By setting up the association patterns, it can produce predictions
like any machine learning or predictive model.
In this manner, associative models are supersets of predictive or
classification models.
So why are these not used or explored as much as their cousin
classification models?
Potential
explanations why include: (1) BAM models run in constant time, but have a
fuzzy limit on the number of patterns and associations safely stored in a
fixed BAM “brain.”
This limit is generally equal to the lesser of the two vector
sizes.
However, this limit can be exceeded before this point if the
patterns are sufficiently similar to produce crosstalk.
(2) The output when it exceeds this fuzzy limit is unpredictable.
It may produce novel output patterns never before stored.
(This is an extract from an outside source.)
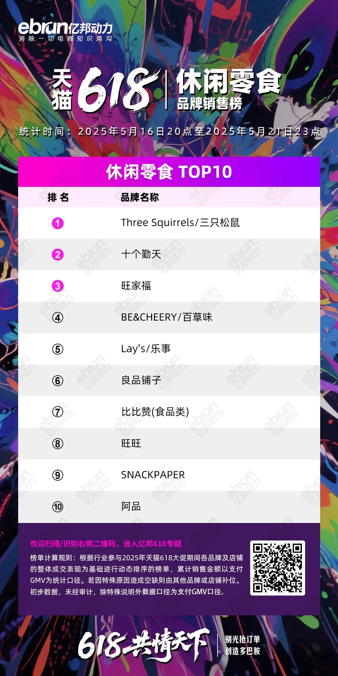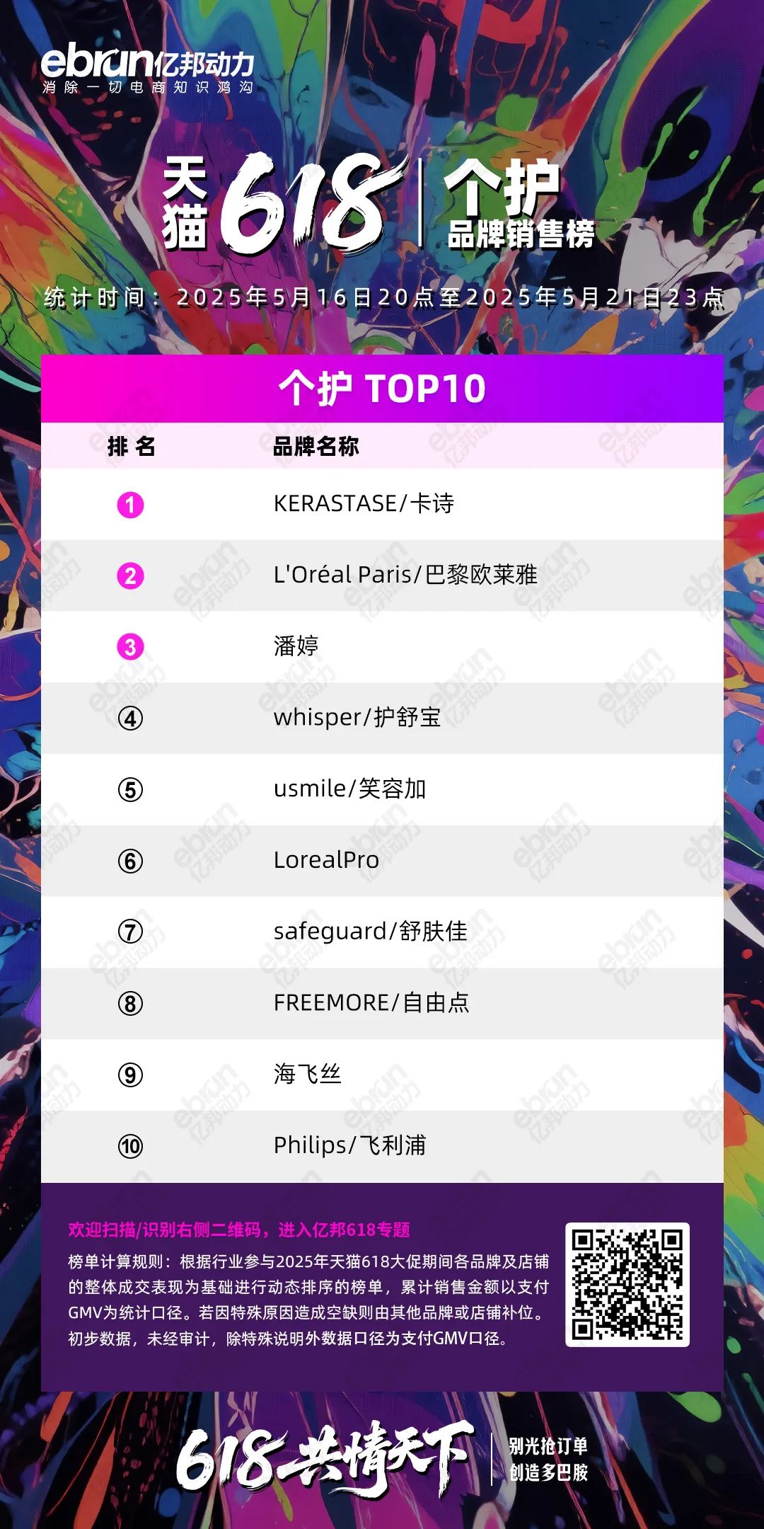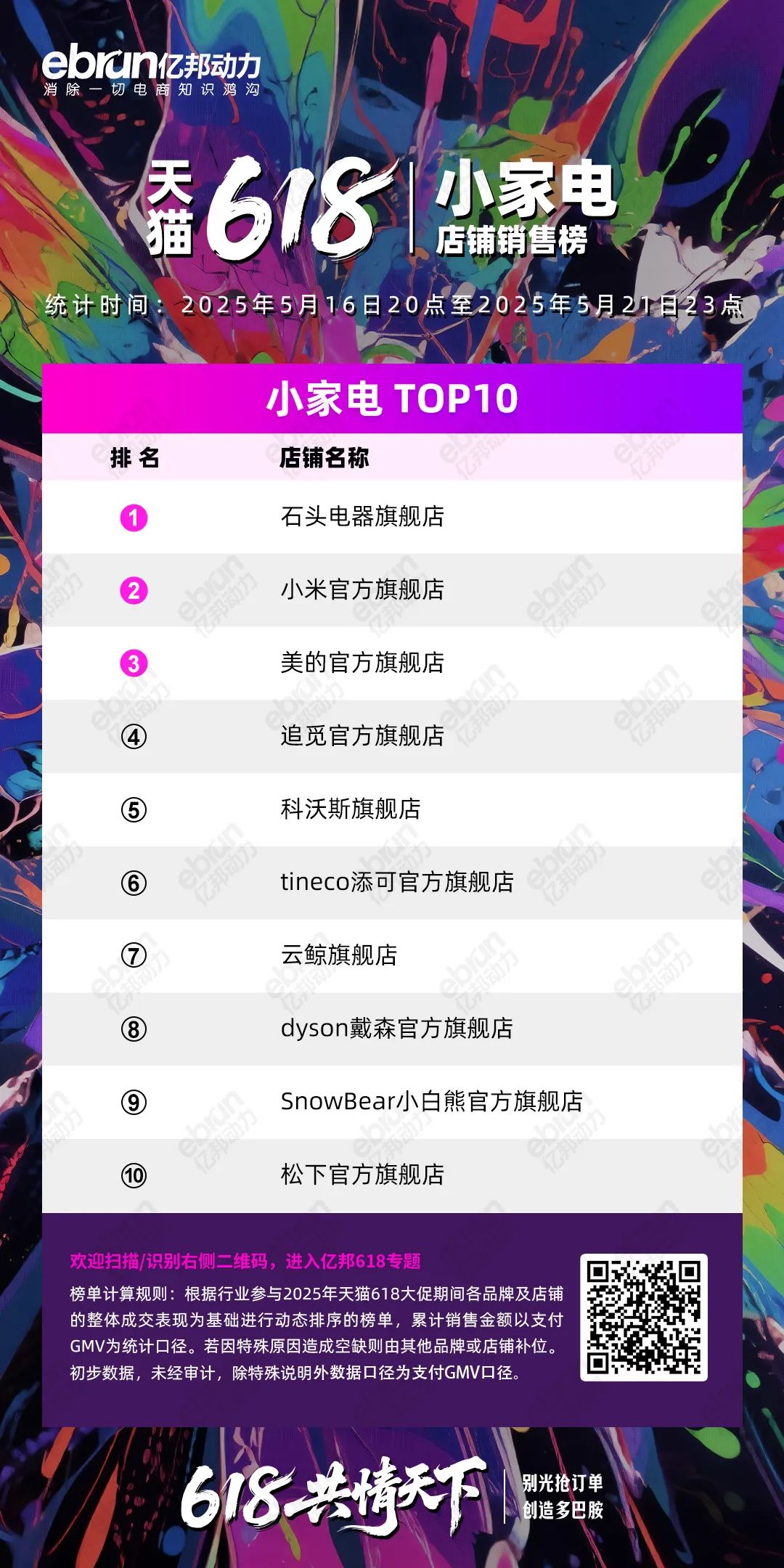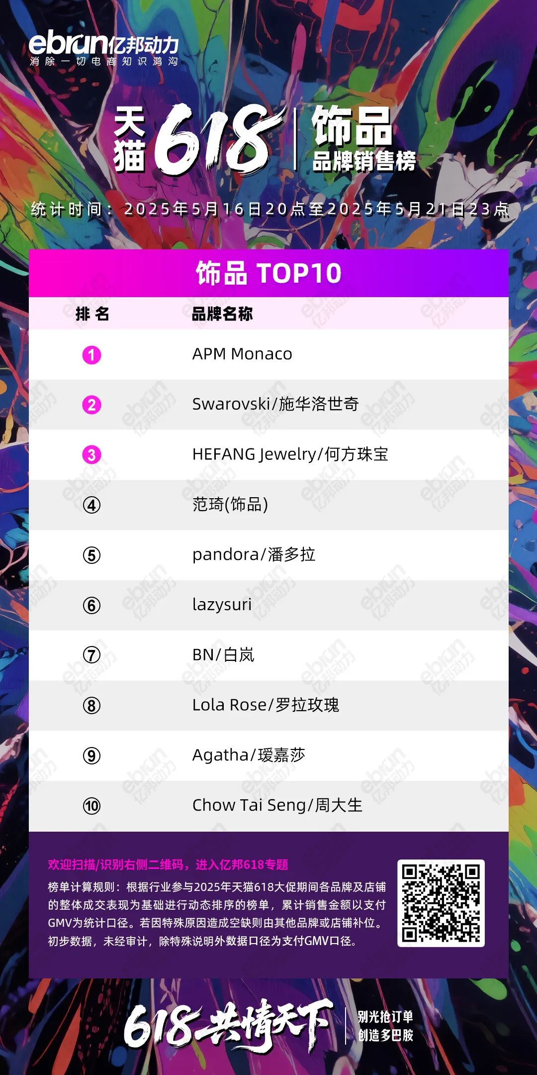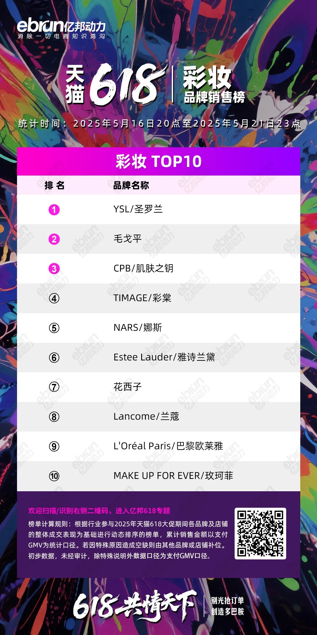 根據(jù)行業(yè)參與2025年天貓618大促期間各品牌及店鋪的整體成交表現(xiàn)為基礎(chǔ)進(jìn)行動(dòng)態(tài)排序的榜單,累計(jì)銷售金額以支付GMV為統(tǒng)計(jì)口徑。若因特殊原因造成空缺則由其他品牌或店鋪補(bǔ)位。初步數(shù)據(jù),未經(jīng)審計(jì),除特殊說(shuō)明外數(shù)據(jù)口徑為支付GMV口徑。

If it is set as a 2-class classifier, a BAM might conceivably
produce a third option with no warning.
On
the other hand, mixing up similar patterns and associations is consistent
with real people mixing up similar facts in real life.
For example, a person may view a face and remark that they have
“their mother’s eyes” but “their father’s chin.”
Going further, this mixing and production of novel patterns might
offer potential avenues for exploring creativity – how does an artist
create various art forms such as classical symphonies or impressionist
art?
These are not constrained 2-alternative forced choice
classification tasks.
In
any case, BAM models and derivatives are intriguing, yet apparently hidden
gems of models well deserving of further exploration. |